BEGIN Data

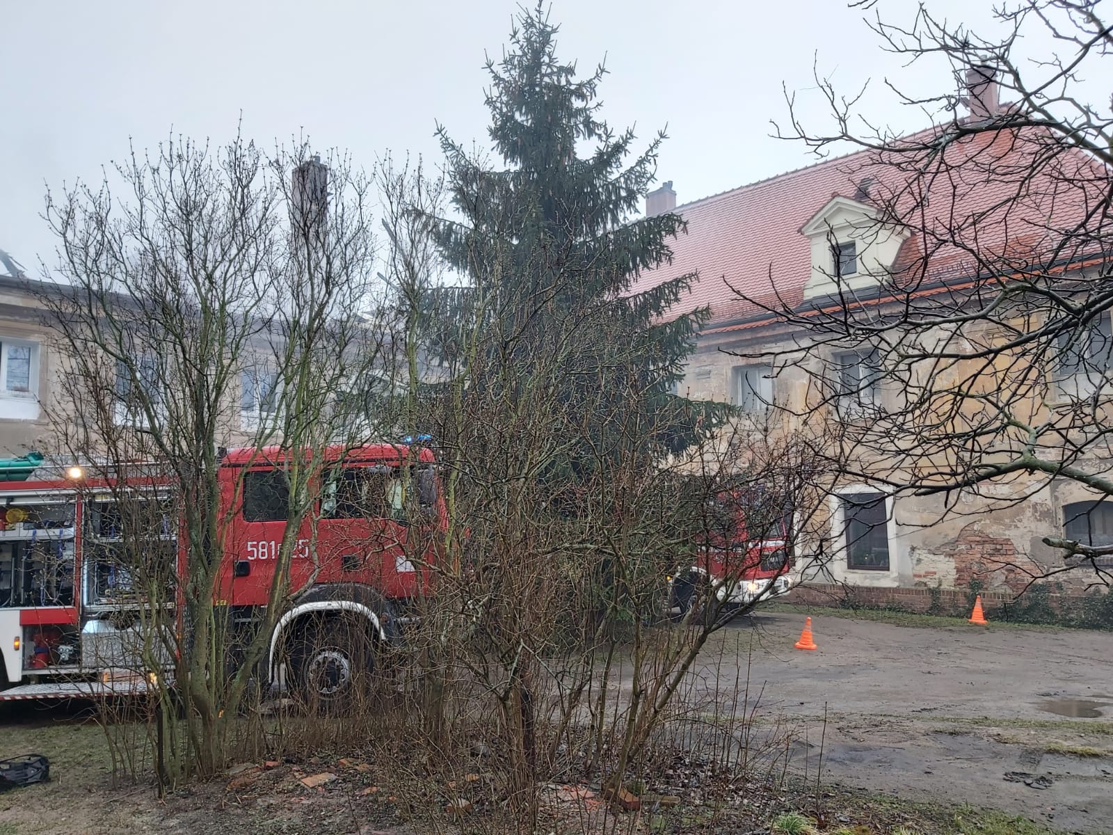 Do pożaru doszło ostatniej nocy w wielorodzinnym dwupiętrowym budynku mieszkalnym znajdującym się na terenie cysterskiego zespołu klasztornego. Kwadrans przed godziną trzecią nad ranem służba dyżurna Stanowiska Kierowania KP PSP w Wołowie, otrzymała informację o pożarze. Krótko potem na miejscu zdarzenia były już pierwsze strażackie zastępy. Na podstawie dokonanego rozpoznania ustalono, że pożarem objęta jest część poddasza budynku oraz mieszkania na pierwszym piętrze. Pożar szybko się rozwijał czemu sprzyjał silny, porywisty wiatr.
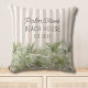 Einweihung unseres tropischen Palmen Bäume Beige Streifen Beach House wirbelkissen. Mit Aquarellbildern, tropische Pflanze mit beigen Streifen als Hintergrund. Geeignet für Mieten Urlaub Strand Haus, Küste Hütte, oder sogar Schiff und Schiff.
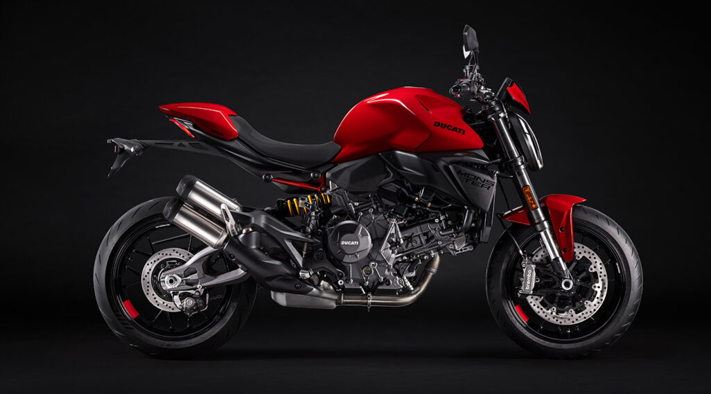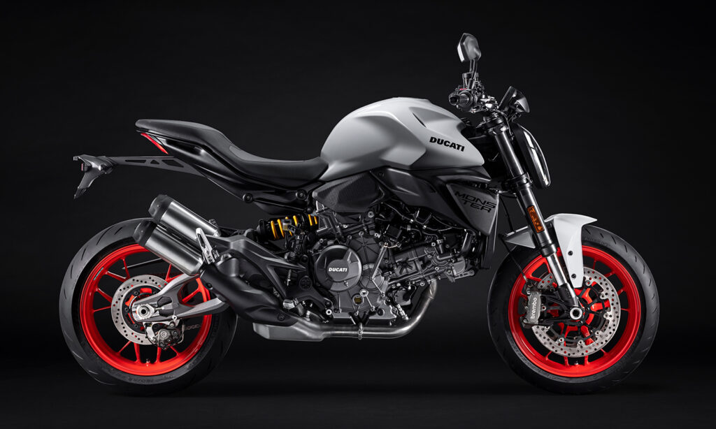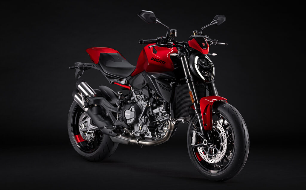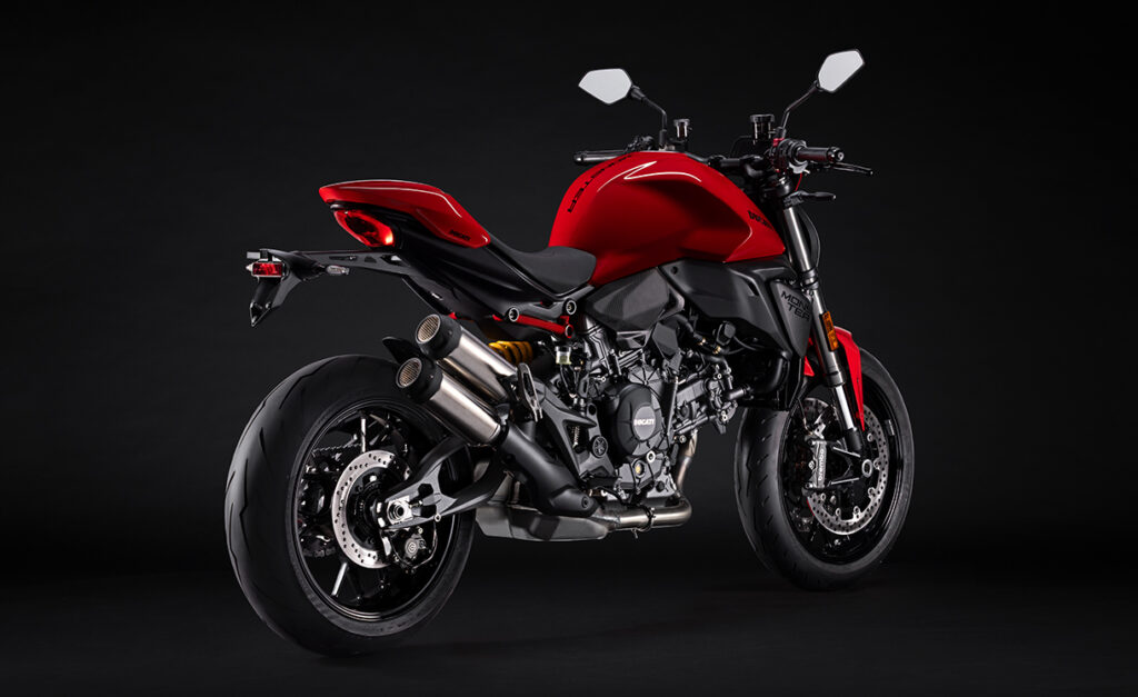 O novo Ducati V2 é uma parte da rigidez do chassis. Este último baseia-se num quadro monocoque, num duplo braço oscilante inspirado no braço oscilante oco da Ducati da Panigale V4 e num subquadro traseiro composto por um elemento tecno polímero e uma treliça. Esta solução técnica, combinada com o motor, contribui para tornar a nova Monster ainda mais leve do que o, já de si leve, modelo anterior (-4 kg, para um peso total de 175 kg com o depósito vazio) e, portanto, ágil e fácil de guiar em todas as situações.

END Data

## Task prompt
Copy each line of the material above exactly, but not the images.

## Solution to the exercise
 Do pożaru doszło ostatniej nocy w wielorodzinnym dwupiętrowym budynku mieszkalnym znajdującym się na terenie cysterskiego zespołu klasztornego. Kwadrans przed godziną trzecią nad ranem służba dyżurna Stanowiska Kierowania KP PSP w Wołowie, otrzymała informację o pożarze. Krótko potem na miejscu zdarzenia były już pierwsze strażackie zastępy. Na podstawie dokonanego rozpoznania ustalono, że pożarem objęta jest część poddasza budynku oraz mieszkania na pierwszym piętrze. Pożar szybko się rozwijał czemu sprzyjał silny, porywisty wiatr.
 Einweihung unseres tropischen Palmen Bäume Beige Streifen Beach House wirbelkissen. Mit Aquarellbildern, tropische Pflanze mit beigen Streifen als Hintergrund. Geeignet für Mieten Urlaub Strand Haus, Küste Hütte, oder sogar Schiff und Schiff.
 O novo Ducati V2 é uma parte da rigidez do chassis. Este último baseia-se num quadro monocoque, num duplo braço oscilante inspirado no braço oscilante oco da Ducati da Panigale V4 e num subquadro traseiro composto por um elemento tecno polímero e uma treliça. Esta solução técnica, combinada com o motor, contribui para tornar a nova Monster ainda mais leve do que o, já de si leve, modelo anterior (-4 kg, para um peso total de 175 kg com o depósito vazio) e, portanto, ágil e fácil de guiar em todas as situações.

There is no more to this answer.